Serving an API - Phase 1

🔧 Phase 1: Setting Up the AWS Infrastructure

For the initial testing phase of my project, I focused on setting up the necessary AWS infrastructure to process and parse application source code, while serving the results over an API.

I started by testing the infrastructure with Flask to ensure proper configuration, but have since migrated to a Node.js API for scalability and flexibility.

🖥️ Server Setup

The EC2 instance, which acts as both the Processing and API Server, has the following binaries installed:

• Syft — For generating SBOMs from source code, artifacts, and containers.
• Grype — For scanning SBOMs for known vulnerabilities.
• Delve — My custom vulnerability management interface.
• Node.js & NPM
  • pm2 — Process manager to keep the Node.js API running smoothly.
  • Express — Web framework to handle API requests.
  • dotenv — Securely managing environment variables.
  • path — Path utilities for file handling.

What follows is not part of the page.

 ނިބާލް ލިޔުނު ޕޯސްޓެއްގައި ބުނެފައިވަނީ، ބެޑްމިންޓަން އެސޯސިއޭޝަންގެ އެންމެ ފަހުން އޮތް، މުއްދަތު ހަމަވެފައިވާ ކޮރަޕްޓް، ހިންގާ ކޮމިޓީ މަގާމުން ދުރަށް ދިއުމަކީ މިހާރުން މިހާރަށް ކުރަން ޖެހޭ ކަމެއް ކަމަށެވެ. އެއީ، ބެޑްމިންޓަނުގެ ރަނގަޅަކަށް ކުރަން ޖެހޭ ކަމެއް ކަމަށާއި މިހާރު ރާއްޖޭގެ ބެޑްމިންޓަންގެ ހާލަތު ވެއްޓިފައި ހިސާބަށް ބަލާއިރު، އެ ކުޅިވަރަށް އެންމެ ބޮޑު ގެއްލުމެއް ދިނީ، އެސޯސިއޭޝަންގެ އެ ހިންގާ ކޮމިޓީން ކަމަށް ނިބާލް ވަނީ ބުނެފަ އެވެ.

🚀 Initial Testing & Results

During this phase, I was able to successfully:

1. Communicate with the API hosted on AWS from my local machine.
2. Upload source code or dependencies for processing.
3. Retrieve the results from the API, including SBOMs and vulnerability reports.

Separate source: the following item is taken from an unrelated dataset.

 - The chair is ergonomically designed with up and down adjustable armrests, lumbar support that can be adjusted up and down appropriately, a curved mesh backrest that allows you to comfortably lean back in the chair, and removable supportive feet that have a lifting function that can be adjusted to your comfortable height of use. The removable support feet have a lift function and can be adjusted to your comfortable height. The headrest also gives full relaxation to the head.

This was a promising start, demonstrating that the infrastructure was working as expected and the API was responding correctly.

🔐 Next Steps: Adding Authentication

While the testing phase has been successful, the next step is to introduce authentication to the API. Specifically, each user should only be able to access and interact with the files they have personally processed.

My plan for this phase:

• Implement user authentication using AWS Cognito and JWT Bearer Tokens.
• Ensure file access control, allowing users to only retrieve files they uploaded or processed.

This will significantly enhance the security and usability of the API, allowing for safe, personalized access to the data.

💻 Early Implementation of the API

Below is an early implementation of the Node.js API for serving uploaded files:

const express = require("express");
const path = require("path");
const dotenv = require("dotenv");

dotenv.config();

const app = express();
const port = process.env.PORT || 3000;

// Directory for stored files
const FILES_DIR = path.join(__dirname, "files");

// Serve static files
app.use("/files", express.static(FILES_DIR));

// API to download a file
app.get("/download/:filename", (req, res) => {
    const filePath = path.join(FILES_DIR, req.params.filename);
    res.download(filePath, (err) => {
        if (err) {
            res.status(404).json({ error: "File not found" });
        }
    });
});

// Start the server
app.listen(port, () => {
    console.log(`File API running on port ${port}`);
});

---

For the next update, I’ll be looking into the authentication process and how I plan to enforce these security measures.